Nella penombra di quella stanza, lo sfondo stranamente immacolato, un uomo forse malato (manca ogni apparente segno di ferite), con un tatuaggio bene in vista, una donna avvolta nel niquab che indossa abbaglianti guanti bianchi, non giunge l’eco della tragedia che si consuma all’esterno, la sofferenza è congelata nell’eleganza della composizione che bandisce ogni dettaglio macabro, niente sangue, niente bende, niente ferite sul corpo nudo e pulito di un ribelle reduce da cruenti scontri di piazza, niente emozione e disperazione sui volti volutamente celati dei due protagonisti.
L’immagine, fortemente simbolica e vagamente impersonale, appare decontestualizzata rispetto alle circostanze entro le quali viene collocata, il che potrebbe essere una scelta, se non collidesse con la valenza “fotogiornalistica” che motiva l’attribuzione del premio e con le intenzioni della fondazione che la vorrebbero legata ad un "evento" e ad "una situazione di grande rilievo giornalistico", nella fattispecie un evento di guerra del quale l'inviato del New York Times è stato testimone e cronista in tempo reale.
Infatti, tutto si può dire di questa foto tranne che appaia come documento emblematico di un estemporaneo qui-e-ora fermato dal fotografo in una situazione di emergenza come può essere una sommossa popolare.
Grande assente, l'evento che la foto vorrebbe celebrare.

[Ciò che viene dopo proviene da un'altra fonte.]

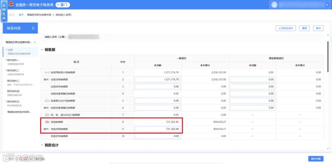 - 同步填报主表《增值税及附加税费申报表》第8-9栏"免税货物销售额";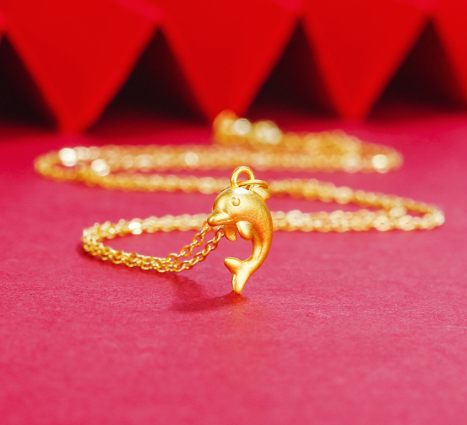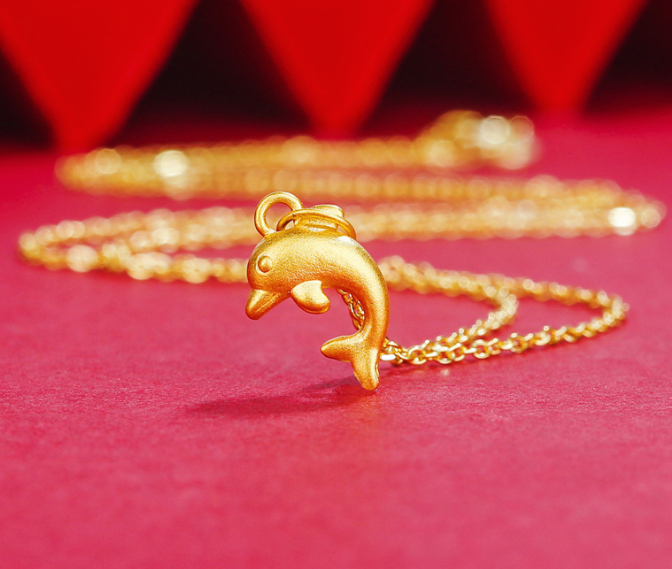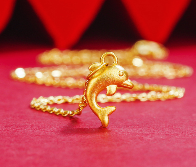 3d hard gold dolphin gold necklace pendant pure gold 999 gold pendant simple pendant geometric necklace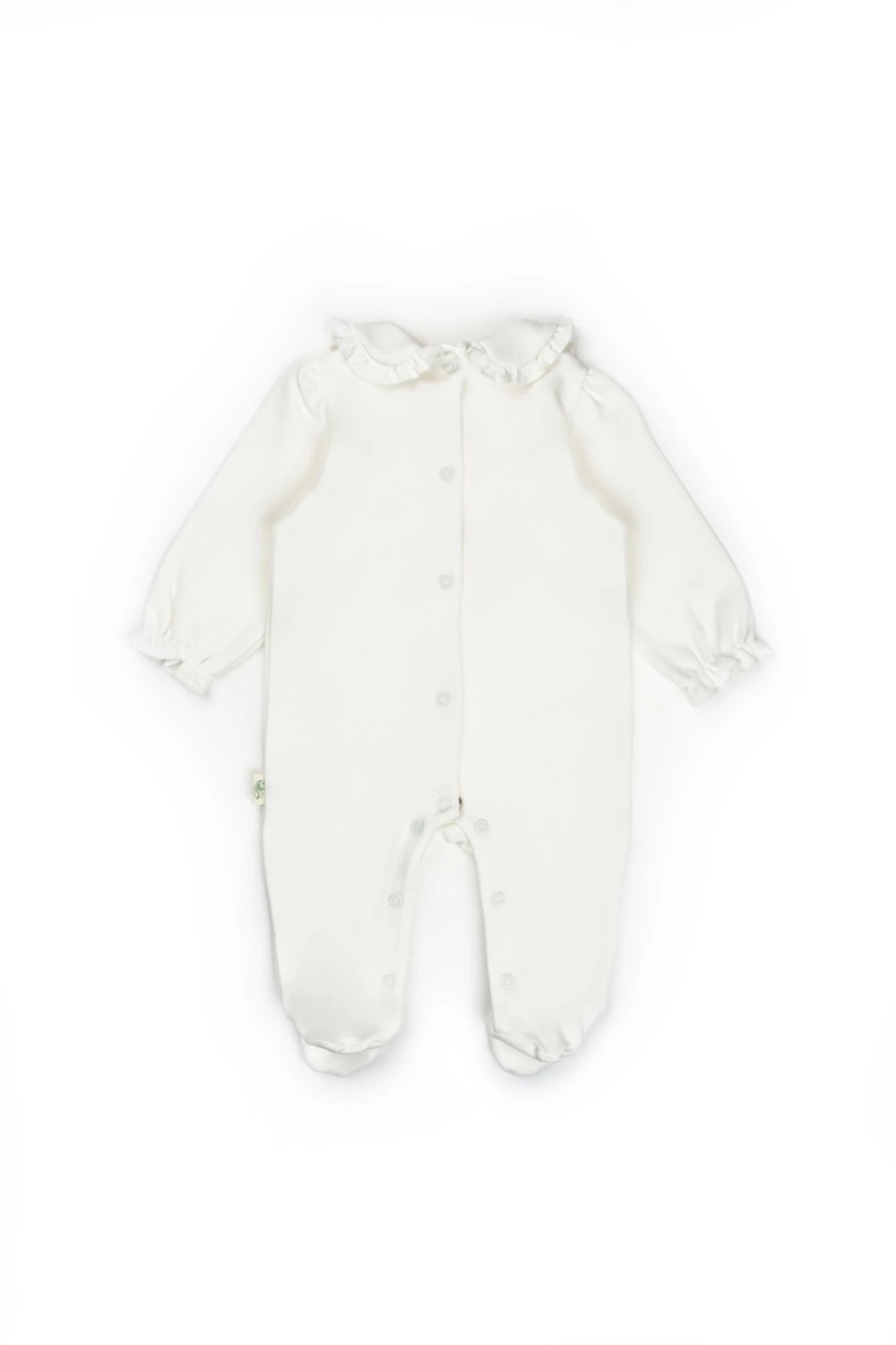 Очаровательный комбинезон для малышей с встроенными ножками, идеальный для комфортного и полного образа. Модель украшена рисунком ленточек, рюшами на рукавах и воротнике, застежка – кнопки сзади. В комплект входит шапочка с таким же рисунком для полного и гармоничного образа.
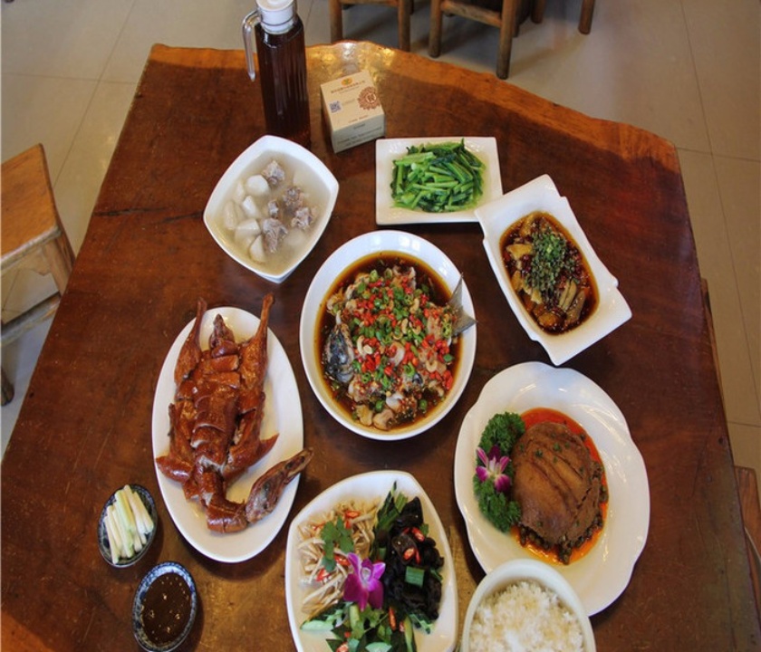 干锅香辣虾,农家小炒肉,麻辣肥肠鱼,苦菜酥红豆,农家片片鱼,铁板粉丝,酸辣鲫鱼,水腌菜拌大烧,酸菜鱼,宜良烤麻鸭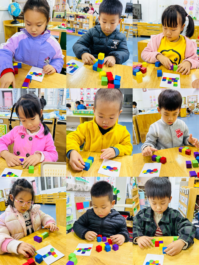 正方体的积木搭出了各种造型,那些隐藏在后面,被完全遮挡住的积木,你发现了它们吗?开动小脑筋,一起数一数吧!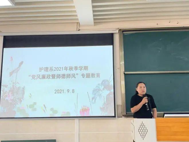 为了贯彻落实省教育工委、省教育厅下发的云教工委函〔2021〕4号文件《关于开展师德师风和校园安全专项整治的通知》文件精神。9月8日下午,护理系党支部在第三阶梯教室组织开展了2021年秋季学期“党风廉政暨师德师风”专题教育。学院陈跃祥副院长及护理系全体党员、教学人员、辅导员、班主任参加了此次主题教育专题会。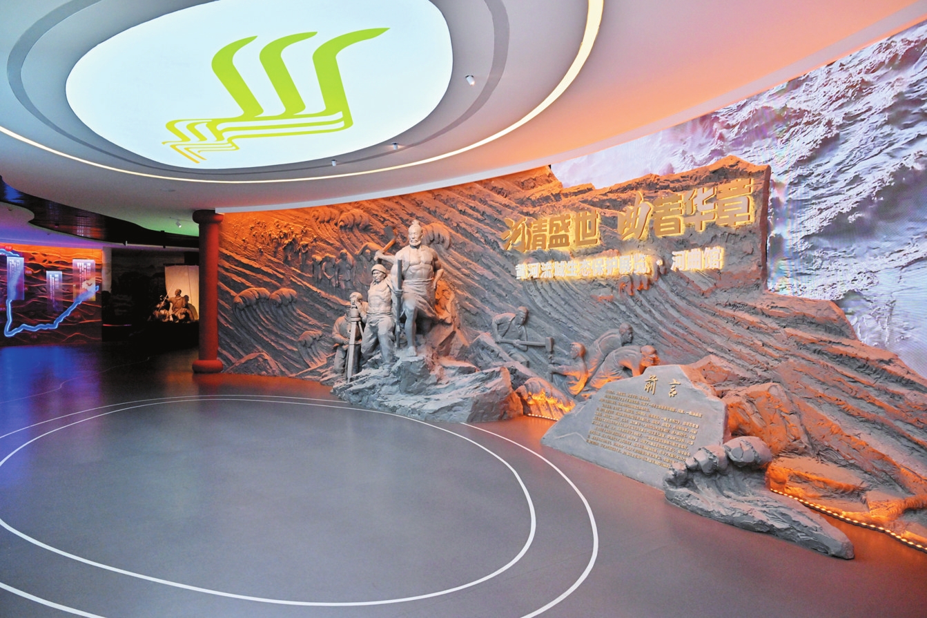 沿著黃河蜿蜒的足跡走進河曲縣,臨隩公園內(nèi)一座1900平方米的黃河流域生態(tài)保護展覽·河曲館正以“河清盛世曲著華章”的主題訴說著這片土地與母親河的千年情緣,五大篇章的展陳如黃河九曲連環(huán),將70年治黃史詩徐徐鋪展。

Elegante esercizio di stile, densa di citazioni, abilmente ed artificiosamente costruita, chiaramente posata con più di una concessione alla valenza estetica della scena, forse sottoposta ad abili fotoritocchi, questa immagine è la rilettura intellettualistica di una ‘pietà’ michelangiolesca rieditata in chiave moderna, una ‘deposizione’ classicheggiante, pedissequa e stucchevole, dove il corpo che, nell’abbandono della morte, si affida all’abbraccio compassionevole di un altro essere umano replica freddamente canoni compositivi predefiniti (persino la composizione piramidale leonardesca!)
Urge una seria riflessione sul senso della fotografia, ma soprattutto dei premi che pretenderebbero di formare l'opinione su di essa.